Roubini ratio getting fuzzy

How far along are we in the credit crunch?  One heretofore reliable indicator has become rather fuzzy.

Constant readers will recall last spring I developed the Roubini Ratio — the writedown forecasts from conventional analysts divided by NYU professor Nouriel Roubini's forecast of $1 trillion.  At the time, it was about .5

The problem now is that some conventional forecasts have exceeded Roubini's figure — Bridgewater Associates reckoned $1.6 trillion a few weeks ago — and now Roubini is giving himself significant margin for error:

The United States is in the second inning of a recession that will last for at least 18 months and help kill off hundreds of banks, influential economist and New York University Professor Nouriel Roubini told Barron's in Sunday's edition.

Taxpayers will pay a big price for helping bail out the rest of the financial services industry as well, Roubini said — at least $1 trillion and more likely $2 trillion.
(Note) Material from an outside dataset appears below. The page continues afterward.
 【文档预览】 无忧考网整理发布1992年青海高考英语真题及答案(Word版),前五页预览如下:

Whatever the figure, Roubini appears more pessimistic than another rare truth-teller outside the Agora Financial firmament — Oppenheimer's Meredith Whitney.  She figures we're about halfway done with all the writedowns, which to date total $350 billion.
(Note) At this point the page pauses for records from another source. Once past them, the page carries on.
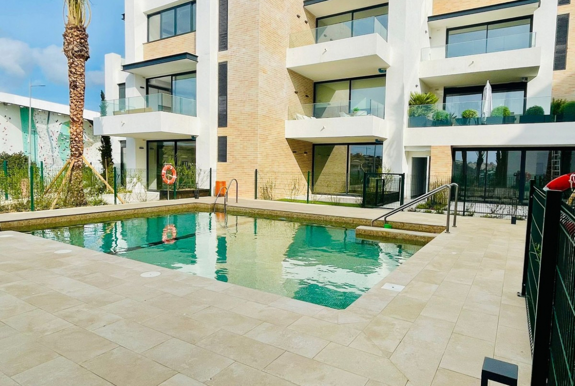 The residence is set within beautifully maintained communal gardens with large green areas and swimming pools, creating a peaceful and resort-like environment.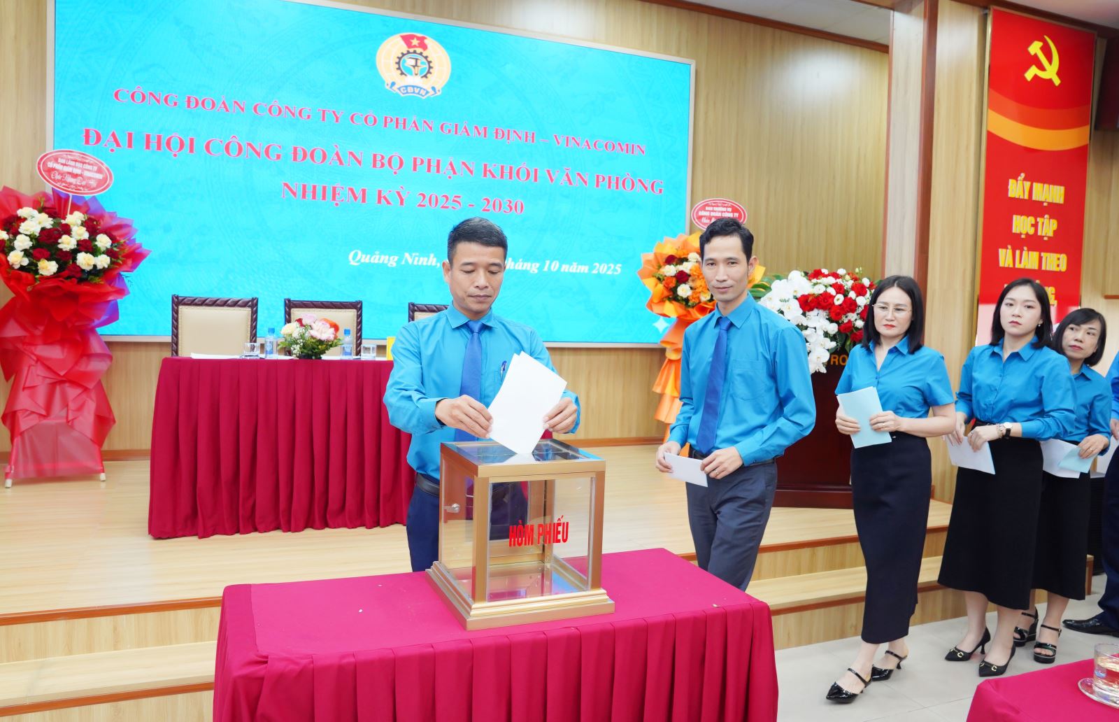 Với tinh thần dân chủ, đoàn kết và trách nhiệm cao, Đại hội đã tín nhiệm bầu ra Ban Chấp hành Công đoàn bộ phận khối Văn phòng nhiệm kỳ 2025-2030 gồm 03 đồng chí. Đại hội cũng đã bầu đoàn đại biểu đi dự Đại hội đại biểu Công đoàn Công ty Cổ phần Giám định lần thứ XI gồm 14 đại biểu chính thức và 02 đại biểu dự khuyết.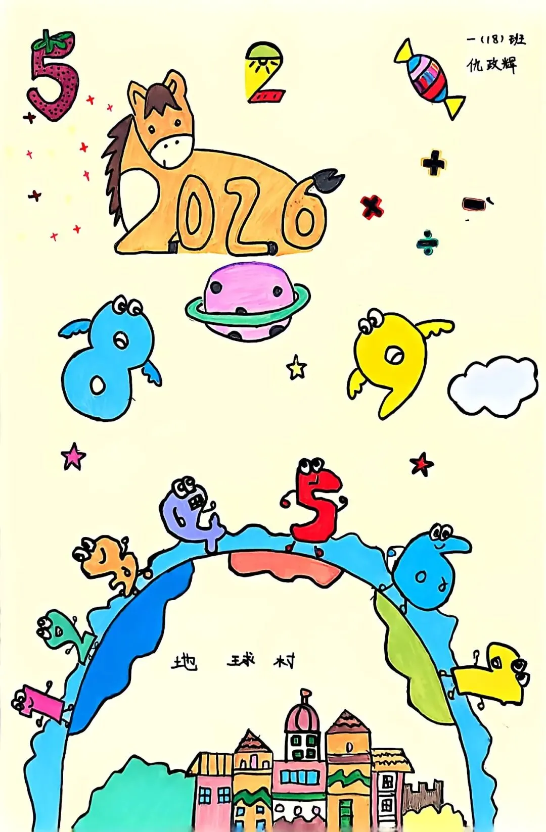 数字创意画活动中,孩子们以数字为创作灵感,巧用色彩、大胆构图,一幅幅童趣满满的创意画作应运而生。原本枯燥的数字摇身一变,在孩子们的笔尖焕发出浓郁的艺术气息,让大家在创作中感受数字与色彩碰撞的奇妙乐趣。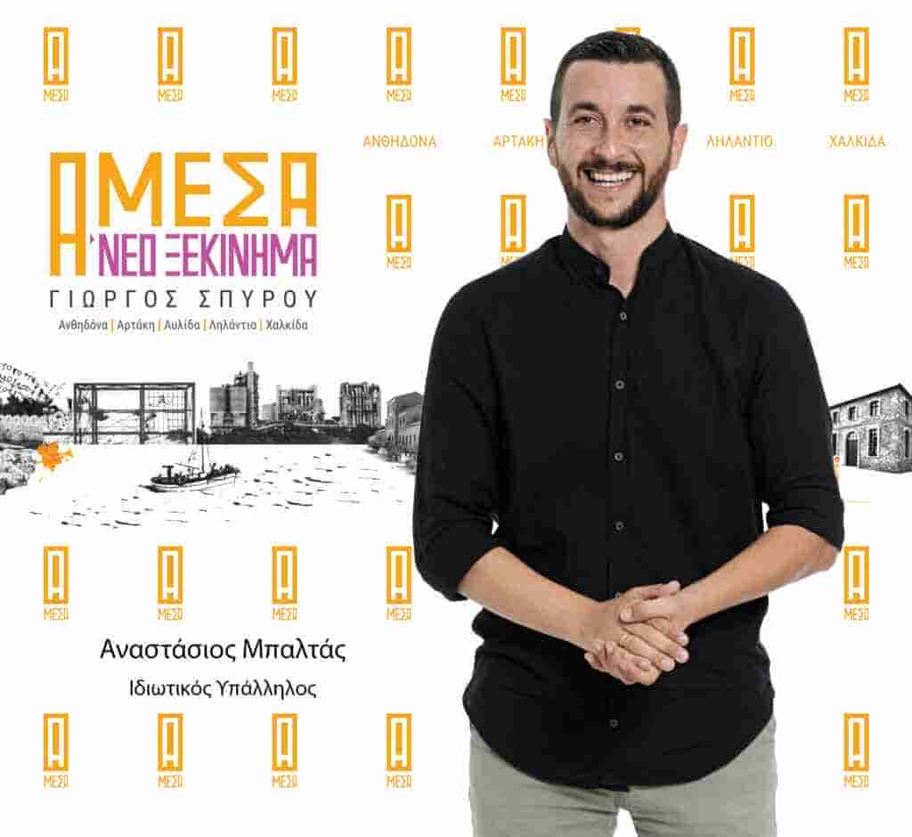 Ο Αναστάσιος Μπαλτάς γεννήθηκε το 1985. Μέχρι την ηλικία των 11 ετών μεγάλωσε στην Κάνηθο και έπειτα η οικογένεια του μετακόμισε στη έξω Παναγίτσα, όπου διαμένει μέχρι και σήμερα. Είναι απόφοιτος του τμήματος Μηχανικών πληροφορικής του ΤΕΙ ΑΡΤΑΣ. Για 6 χρόνια εργαζόταν στο χώρο της εστίασης, ενώ τα τελευταία 15 χρόνια είναι υπεύθυνος πωλήσεων σε εταιρεία τροφίμων. Είναι παντρεμένος με την Μάλλιαρη Αθήνα και έχουν αποκτήσει ένα παιδί. Η προσωπικότητα του Γιώργου Σπύρου, οι απόψεις και το πρόγραμμα για το Δήμο Χαλκιδέων ήταν οι λόγοι συμμετοχής του στον συνδυασμό «ΑΜΕΣΑ-ΝΕΟ ΞΕΚΙΝΗΜΑ».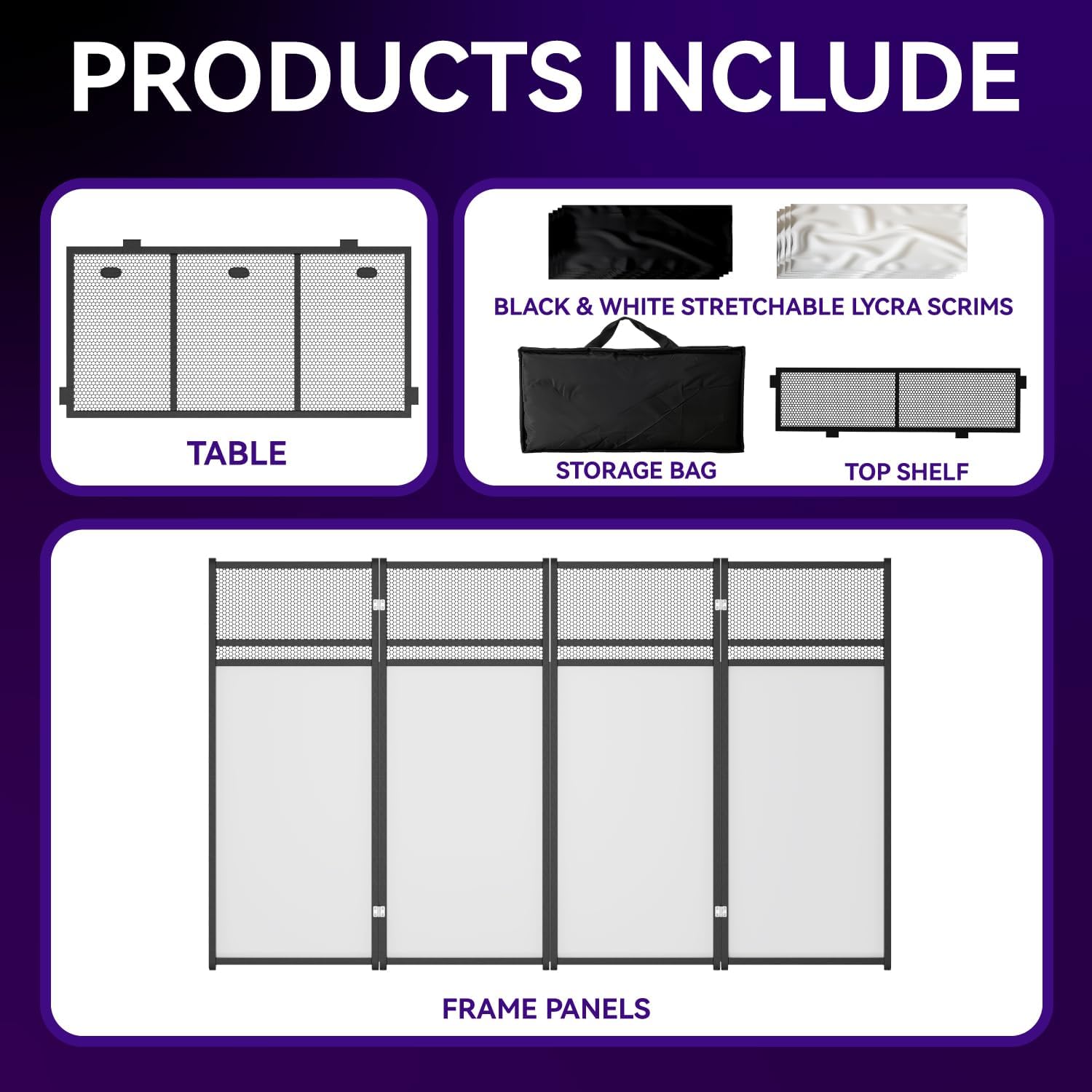 - 【Two-color Gauze】The DJ facade booth has 4 black gauze and 4 white gauze. The Velcro design helps you quickly change the gauze as needed. The gauze can hide your wires and extra equipment under the table, making your DJ workspace neater and more professional, giving the audience a good view. You can project lights on the gauze to create a colorful light show to create a different atmosphere and enhance your music and party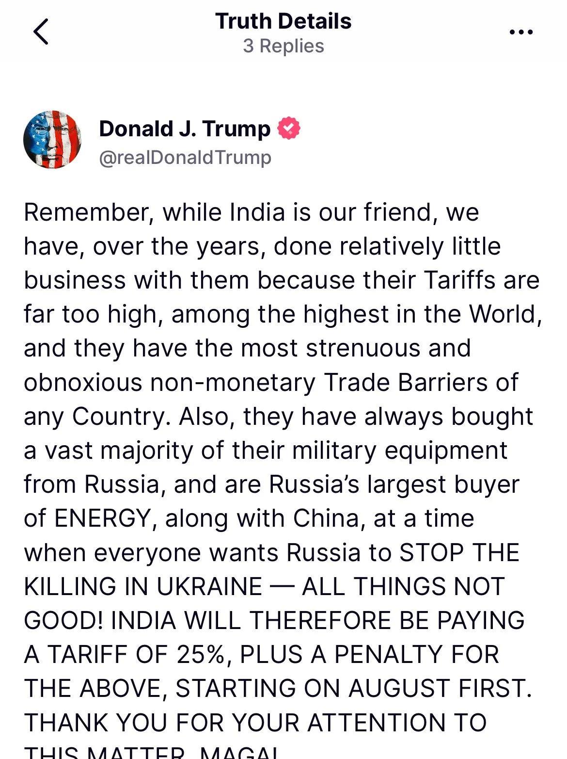 7月30日晚上,特朗最终发布了对印度的对等关税——25%。这个数字可以说远远超出

So what are the next shoes to drop?  Well for starters, the blank-check bailout of Fannie and Freddie have now given those two august institutions the courage, if that's what you want to call it, to increase their loss estimates. 

And now that the subprime mess is subsiding, establishment media are starting to acknowledge that even worse is to come.  Alt-A delinquencies (loans to borrowers with decent credit who nonetheless didn't want to offer proof of income) have quadrupled over the last year, and prime loan delinquencies have doubled.  The New York Times reports, "While it is difficult to draw precise parallels among various segments of the mortgage market, the arc of the crisis in subprime loans suggests that the problems in the broader market may not peak for another year or two, analysts said."

That jibes with Roubini's outlook.  So prepare accordingly.

Now, allow me to issue a plea to my former colleagues in the news media: STOP calling this the "subprime crisis," if you haven't by now.  Those were never the only kinds of mortgages at risk, as even the Gray Lady now sees.  And the problem isn't the mortgages as much as it is the fact housing prices grew completely out of proportion to other prices from 1996 to 2006 and now must revert to the mean — perhaps after falling well below the mean.